INFORMATION PROVIDED -
---*---

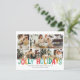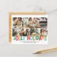Saudações da Época ORÇAMENTAL Personalizaram quatro Feriados Feriados Feriados Fotográficos coloridos e divertidos Cartão de Natal de Ricaso - desenhado com um texto tipográfico ousado com fotografias modelo para a frente e um padrão riscado para o fundo
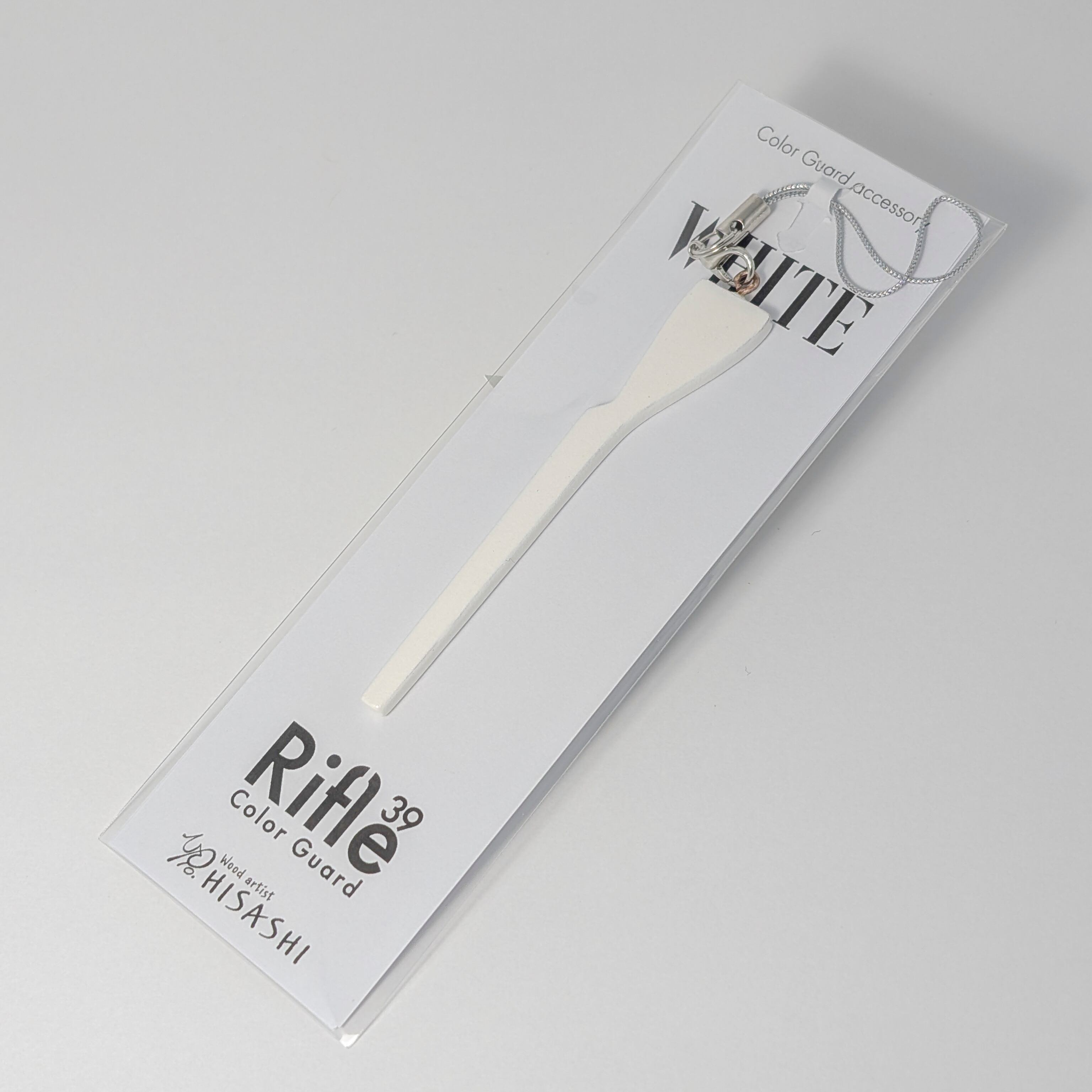 クラシカルな存在感を放つ、白塗装仕上げの木製ライフルチャーム。実物のライフルバトンのように何度も塗料を塗り重ねてライフル独特の感じを表現しています。
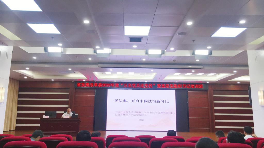 为帮助全委党员干部充分认识颁布实施《民法典》的重大意义,依法更好保障人民合法权益,7月9日上午,云南省发展改革委组织举办《民法典》专题培训,邀请中共云南省委法律顾问、云南省法学会兼职副会长、beat365英国官方网站法学院院长佴澎教授,为全委党员干部讲授了《民法典:开启中国法治新时代》专题讲座。佴澎教授从“重要意义”、“特色条文”、“民法典对‘时代之问、民族之问、社会热点之问’的回应”三个方面,对《民法典》进行了深入生动的讲解,为参加培训的党员干部深刻理解、准确把握民法典核心要义作了很好的辅导。
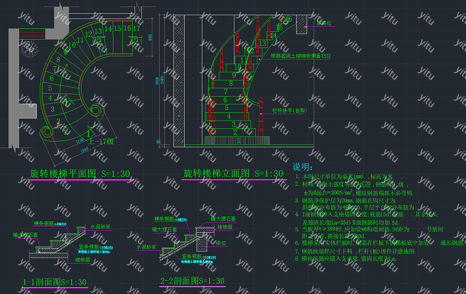常用梯配筋节点CAD施工图,cad梯配筋施工图纸下载内容简介:图纸包括旋转梯平立面和剖面的节点大样cad施工图纸,使画图更快捷表达效果更强烈,为施工图设计量身打造,具有极高的参考价值。易图网为您提供下载服务,好看实用。

---*---

TASK DESCRIPTION -
Everything above except the pictures must be restated exactly.

SOLUTION TO THIS EXERCISE -
Saudações da Época ORÇAMENTAL Personalizaram quatro Feriados Feriados Feriados Fotográficos coloridos e divertidos Cartão de Natal de Ricaso - desenhado com um texto tipográfico ousado com fotografias modelo para a frente e um padrão riscado para o fundo
 クラシカルな存在感を放つ、白塗装仕上げの木製ライフルチャーム。実物のライフルバトンのように何度も塗料を塗り重ねてライフル独特の感じを表現しています。
 为帮助全委党员干部充分认识颁布实施《民法典》的重大意义,依法更好保障人民合法权益,7月9日上午,云南省发展改革委组织举办《民法典》专题培训,邀请中共云南省委法律顾问、云南省法学会兼职副会长、beat365英国官方网站法学院院长佴澎教授,为全委党员干部讲授了《民法典:开启中国法治新时代》专题讲座。佴澎教授从“重要意义”、“特色条文”、“民法典对‘时代之问、民族之问、社会热点之问’的回应”三个方面,对《民法典》进行了深入生动的讲解,为参加培训的党员干部深刻理解、准确把握民法典核心要义作了很好的辅导。
常用梯配筋节点CAD施工图,cad梯配筋施工图纸下载内容简介:图纸包括旋转梯平立面和剖面的节点大样cad施工图纸,使画图更快捷表达效果更强烈,为施工图设计量身打造,具有极高的参考价值。易图网为您提供下载服务,好看实用。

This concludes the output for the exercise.